(Reuters) - A 2010 inspection by the U.S. audit industry watchdog faulted accounting giant Ernst & Young for a range of audit issues, including not getting enough supporting evidence and problems with testing the fair value of financial instruments.
The Public Company Accounting Oversight Board (PCAOB) watchdog released the inspection report publicly for the first time on Thursday. It encompassed a review of 62 audits performed by the firm in 2010, plus one audit in which Ernst & Young played a role, but did not serve as the lead auditor.

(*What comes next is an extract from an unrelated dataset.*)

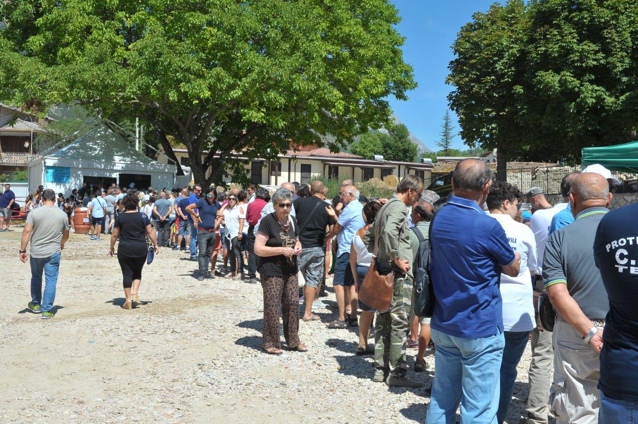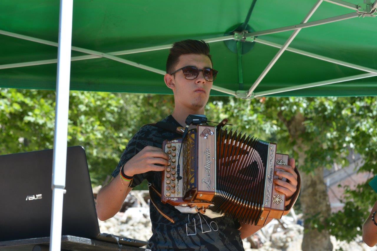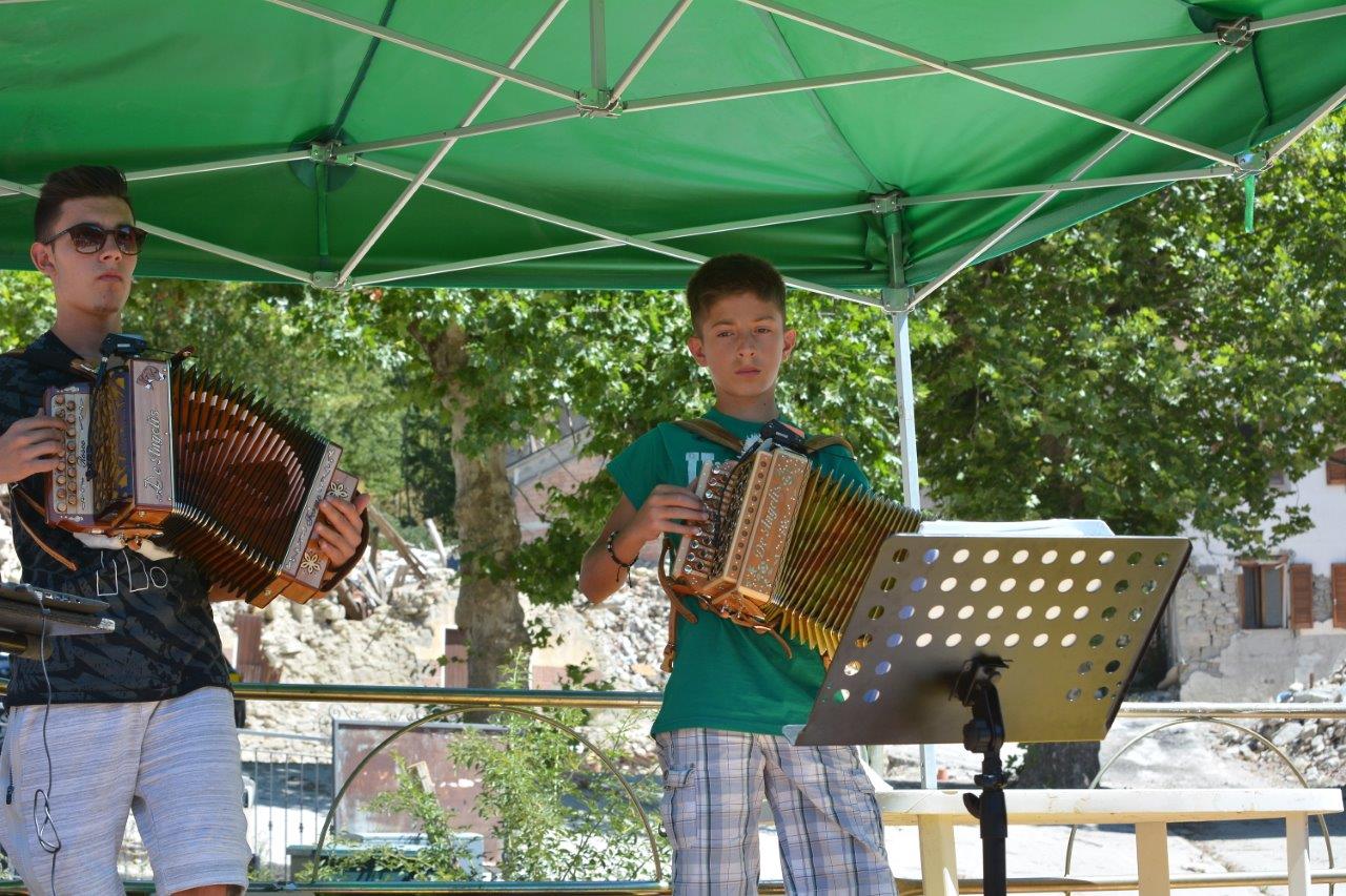 Ma loro suonano in letizia, mentre la gente fa la fila allo stand per aggiudicarsi il sospirato piatto di mezze maniche con guanciale e pecorino assieme alla bruschettina guarnita di gustosa salsiccia. Così come suonano organetti e complessino, nella giornata di sagra che nulla di lieto vuol farsi mancare.

Of the 63 total audits reviewed, the PCAOB identified a variety of problems in 13 of them. That is up from a 2009 inspection report in which 58 audits were reviewed and only five deficiencies were found.
Under its rules, the PCAOB, in some circumstances, must delay for a year the public release of negative findings from an inspection report.
In a response accompanying the PCAOB’s findings, Ernst & Young said that while it did “not agree with the specific characterization of the work we performed in all cases, on an overall basis we do agree with certain findings in the report and, where applicable, have taken actions to address such findings.”
The PCAOB’s report on Ernst & Young is the last to be released in a series of 2010 inspections of the Big Four audit firms.
At PricewaterhouseCoopers there were problems in 28 audits out of 76 audits reviewed.
For Deloitte & Touche, problems were found in 26 of the 58 audits reviewed.
KPMG had 12 problems with 54 audits reviewed.
The PCAOB was created in 2002 by the post-Enron Sarbanes-Oxley corporate governance and accounting reform law.
In recent years, the audit watchdog has started taking a harder look at major accounting firms.
The PCAOB earlier this year imposed the longest-ever ban against a partner of a Big Four firm when it accused former Ernst & Young partner Peter O‘Toole of faking audit documents.